Another technique we sometimes employ is whole cluster fermentation, choosing not to de-stem the fruit at crush. It, too, is a bit of a gamble. When it works it provides an aromatic lift along with secondary aromas of white pepper, tobacco and earth. When it doesn’t, you get vegetative flavors. For our Pinot Noirs and our Syrah, we include a small percentage of whole clusters because the stems have compounds you don’t find in the fruit and seeds. And they can make all the difference.
Great wines don’t make themselves; they must be raised with care. This is the concept of élevage – of impelling non-fruit flavors and inducing wine to age gracefully. Oxygen plays a key role in this. As do barrels, which slowly expose wine to small amounts of oxygen.
We are very particular about the barrels we use – the cooperage, the amount of “toast” they receive, and of course, how long the wine stays in them. All of these things contribute to how much flavor is imparted. The telltale aromas of oak – vanilla, spice, clove, caramel – are desirable but only in moderation. Our aim is to court the effect of oak, not its flavor.
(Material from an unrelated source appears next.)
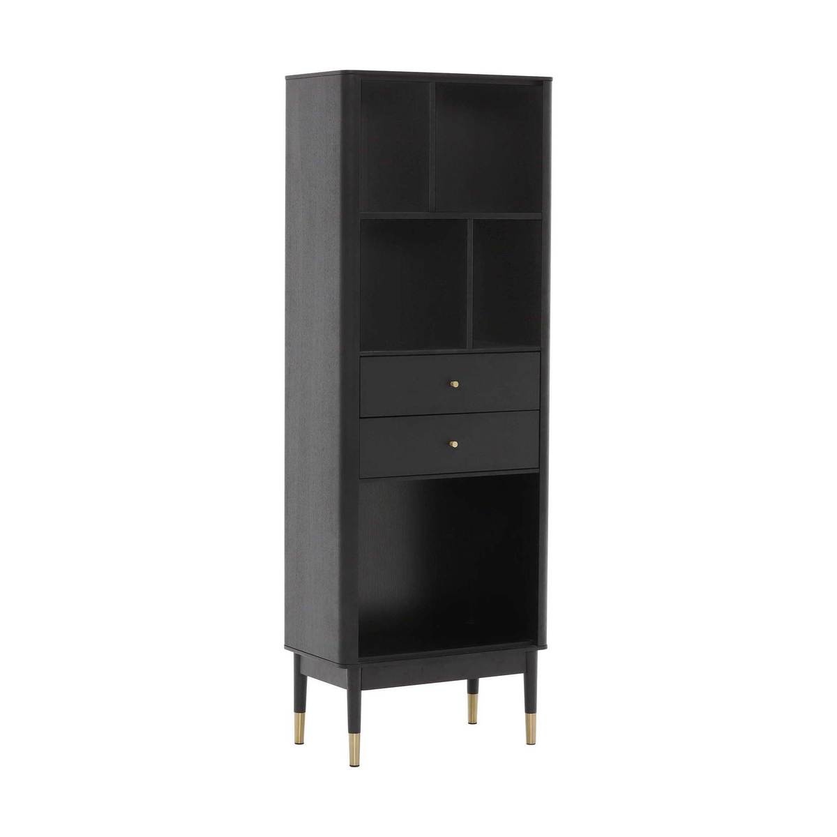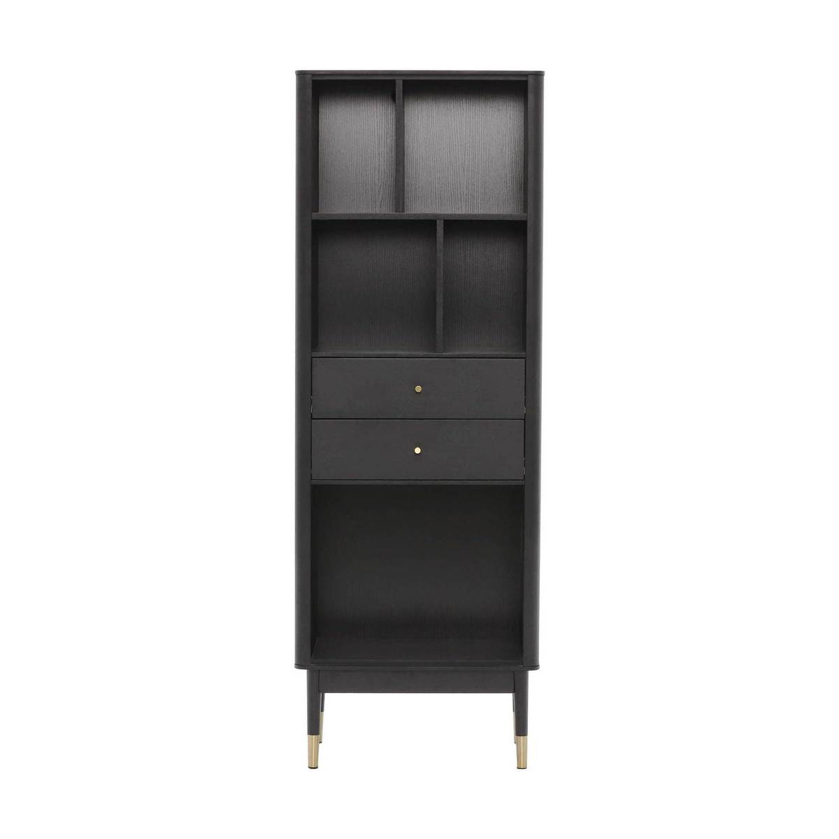 With contemporary asymmetric shelving, and a sophisticated aesthetic, the Cannelle Bookcase is a stylish storage solution, perfect for the modern home. Featuring a lower shelf, two central sliding drawers and two upper shelves, stylishly split to achieve a contemporary look, the Cannelle provides ultimate storage, for both displaying and stowing away your possessions. It has a slender design that makes the it suitable for a range of spaces, and with a beautifully contrasting black ash frame and brushed gold leg caps, the Cannelle makes a gorgeous storage statement.

Growing grapes and making wine present the vintner with endless variables. There is always something you can do differently, always the potential for a different outcome and hopefully, a better wine. We are very deliberate in how we learn about the vineyards we source from and how to make wines that best express them. And so we experiment. Here’s how that plays out.
Including stems during fermentation is not an either/or proposition. It’s a matter of degree. While the goal is to make a more complex wine, adding more stems does not always correlate. Sometimes less is more. It depends on how ripe the stems are at harvest (yes, stems ripen too, not just berries). Ripe stems add savory flavors and can lengthen a wine’s structure. Underripe ones impart vegetal flavors and can leave a bitter aftertaste.
So what’s the optimal percentage of stems? For some, 40 percent is excessive; for others, less than 30 percent is insignificant. In short: it depends. Which is why we’re always experimenting, always seeking the right balance of savory and sweet with our Pinot Noirs and Syrah.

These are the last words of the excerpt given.